- **Activity**
Set down, please, exactly the lines below that run from the line with "MUSEUM NEGERI SEMBILAN" to the line with "Relict Gull has", both lines included.

- **Given information**

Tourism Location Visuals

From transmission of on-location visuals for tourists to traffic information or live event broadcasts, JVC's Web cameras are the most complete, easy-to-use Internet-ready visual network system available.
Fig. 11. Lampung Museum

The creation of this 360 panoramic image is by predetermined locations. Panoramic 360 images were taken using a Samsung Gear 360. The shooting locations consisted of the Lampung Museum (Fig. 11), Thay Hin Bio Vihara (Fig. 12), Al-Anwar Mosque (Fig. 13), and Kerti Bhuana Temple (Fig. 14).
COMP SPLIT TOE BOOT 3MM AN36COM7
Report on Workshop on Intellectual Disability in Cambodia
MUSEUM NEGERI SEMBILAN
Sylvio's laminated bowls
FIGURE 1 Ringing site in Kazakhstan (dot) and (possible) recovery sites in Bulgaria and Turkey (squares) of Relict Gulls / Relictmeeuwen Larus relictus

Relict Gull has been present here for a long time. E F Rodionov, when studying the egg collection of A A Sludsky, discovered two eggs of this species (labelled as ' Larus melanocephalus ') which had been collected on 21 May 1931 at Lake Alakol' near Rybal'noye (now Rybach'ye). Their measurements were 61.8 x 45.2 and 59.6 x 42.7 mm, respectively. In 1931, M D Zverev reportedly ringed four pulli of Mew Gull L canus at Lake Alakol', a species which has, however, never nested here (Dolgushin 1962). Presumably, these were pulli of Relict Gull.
---
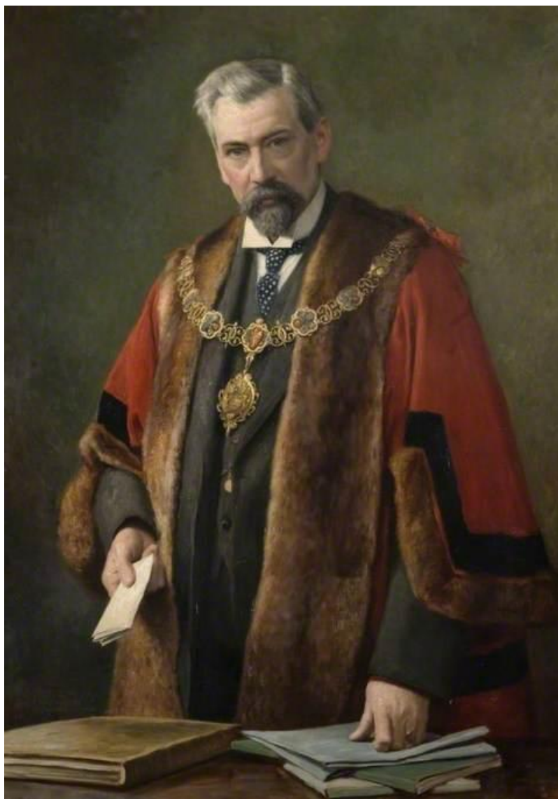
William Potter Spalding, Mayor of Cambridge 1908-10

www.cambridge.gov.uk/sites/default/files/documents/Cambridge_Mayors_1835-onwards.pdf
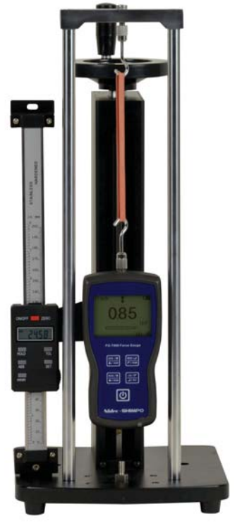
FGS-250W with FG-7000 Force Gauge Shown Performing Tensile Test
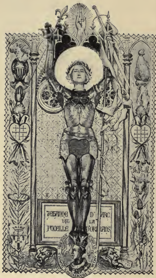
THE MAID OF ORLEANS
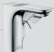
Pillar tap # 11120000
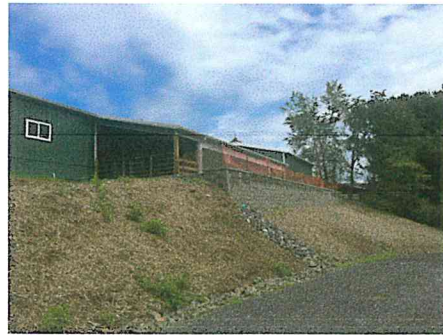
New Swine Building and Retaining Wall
...
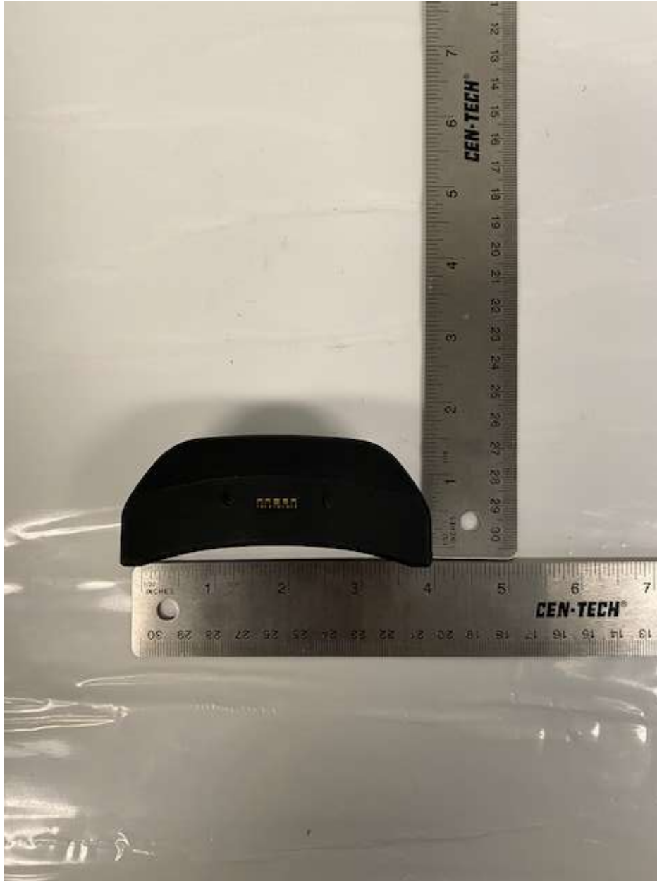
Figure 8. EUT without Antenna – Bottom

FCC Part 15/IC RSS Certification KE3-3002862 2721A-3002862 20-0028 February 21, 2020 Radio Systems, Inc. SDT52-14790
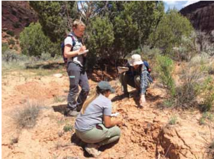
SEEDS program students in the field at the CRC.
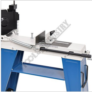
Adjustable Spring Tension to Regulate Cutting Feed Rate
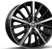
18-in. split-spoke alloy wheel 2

- **Answer section**
MUSEUM NEGERI SEMBILAN
Sylvio's laminated bowls
FIGURE 1 Ringing site in Kazakhstan (dot) and (possible) recovery sites in Bulgaria and Turkey (squares) of Relict Gulls / Relictmeeuwen Larus relictus

Relict Gull has been present here for a long time. E F Rodionov, when studying the egg collection of A A Sludsky, discovered two eggs of this species (labelled as ' Larus melanocephalus ') which had been collected on 21 May 1931 at Lake Alakol' near Rybal'noye (now Rybach'ye). Their measurements were 61.8 x 45.2 and 59.6 x 42.7 mm, respectively. In 1931, M D Zverev reportedly ringed four pulli of Mew Gull L canus at Lake Alakol', a species which has, however, never nested here (Dolgushin 1962). Presumably, these were pulli of Relict Gull.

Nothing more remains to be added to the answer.